Pontiac İsyanı ve Öldürülüp Markalaştırılan Kabileler.

Tarih, özgür ruhları için mücadele edenlerin dramatik sonlarına şahit olmuştur zaman zaman. Zamana şahitlik yapan tarih, kendini yazanların acımasızlığı karşısında gözyaşlarına boğulmuştur çoğu zaman. İşte bu tanıklıklarından biridir Pontiac Savaşı..

Pontiac Savaşı,  1700’lerin başında ayaklarına takılan İngiliz prangalarından kurtulmak isteyen Kızılderililerin, Pontiac önderliğinde özgürlüğe kaçışlarının mücadelesidir.

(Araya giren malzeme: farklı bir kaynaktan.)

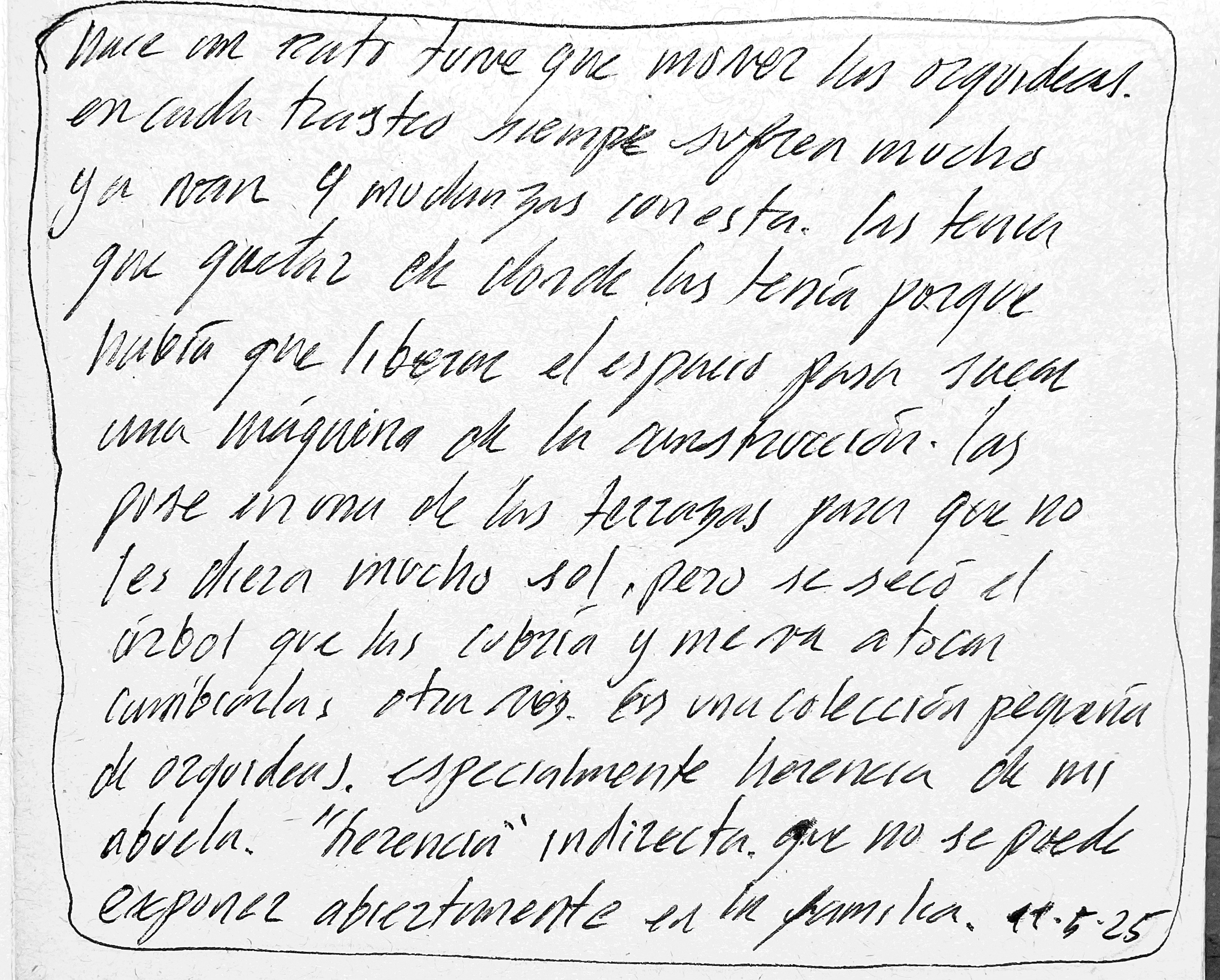 Hace un rato tuve que mover las segundas. En cada trasteo siempre sufren muchos ya sean mudanzas con esta. Las tenía que quitar de donde las tenía porque había que liberar el espacio para sacar una máquina de la construcción. Las puse en una de las terrazas para que no les diera mucho sol, pero se secó el árbol que las cubría y me toca cambiarlas otra vez. Es una colección pequeña de segundas, especialmente herencia de mi abuela. “Herencia” indirecta, que no se puede exponer abiertamente en la familia. 11-5-25

Pontiac, halkını arkasına alarak hem topraklarını hem de özgürlüklerini İngilizlere teslim etmemek için büyük bir kararlılık ve cesaretle mücadele eden, adeta  Kızılderililerin William Wallace’u olan bir özgürlük savaşçısıdır.

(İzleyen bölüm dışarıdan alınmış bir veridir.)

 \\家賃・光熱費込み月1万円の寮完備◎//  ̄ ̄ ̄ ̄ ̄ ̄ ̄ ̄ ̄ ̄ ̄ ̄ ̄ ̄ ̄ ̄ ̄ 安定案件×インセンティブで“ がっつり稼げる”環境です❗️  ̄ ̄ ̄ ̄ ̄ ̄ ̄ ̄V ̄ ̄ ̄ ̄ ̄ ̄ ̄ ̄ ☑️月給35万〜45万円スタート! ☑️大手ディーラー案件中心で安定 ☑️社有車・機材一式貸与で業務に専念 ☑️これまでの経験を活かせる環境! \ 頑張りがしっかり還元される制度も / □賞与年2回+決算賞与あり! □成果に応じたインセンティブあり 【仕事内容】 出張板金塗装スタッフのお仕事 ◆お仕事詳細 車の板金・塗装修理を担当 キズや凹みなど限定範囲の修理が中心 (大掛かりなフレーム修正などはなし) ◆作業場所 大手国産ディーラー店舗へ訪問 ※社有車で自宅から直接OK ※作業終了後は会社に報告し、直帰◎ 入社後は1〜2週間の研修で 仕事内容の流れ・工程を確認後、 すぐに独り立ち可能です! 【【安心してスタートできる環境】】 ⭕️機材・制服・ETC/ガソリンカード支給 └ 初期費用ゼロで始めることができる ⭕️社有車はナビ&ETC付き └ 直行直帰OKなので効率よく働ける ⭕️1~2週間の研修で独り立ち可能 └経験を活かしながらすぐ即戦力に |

1720 yılında Kuzey Amerika’daki Ottowa nehri civarlarında yaşayan Ottowa kabilesinde sıradan, ancak çevresince sözleri, sohbetleri dinlenen bir kabile üyesi olarak yaşamını sürdüren Pontiac’ın diğer kabile üyelerinden ayıran etkileyici özellikleri vardı. Stratejik planlama yeteneğine sahip olması onu kısa sürede Şef Pontiac yapacaktı.

 Henüz, kabile şefinin gözde savaşçısı konumundayken sömürgeci güçlere karşı kararlı mücadelesi ve dahiyane engelleme stratejisi ona geleceğin kabile şefi olma yolunu  açacaktı.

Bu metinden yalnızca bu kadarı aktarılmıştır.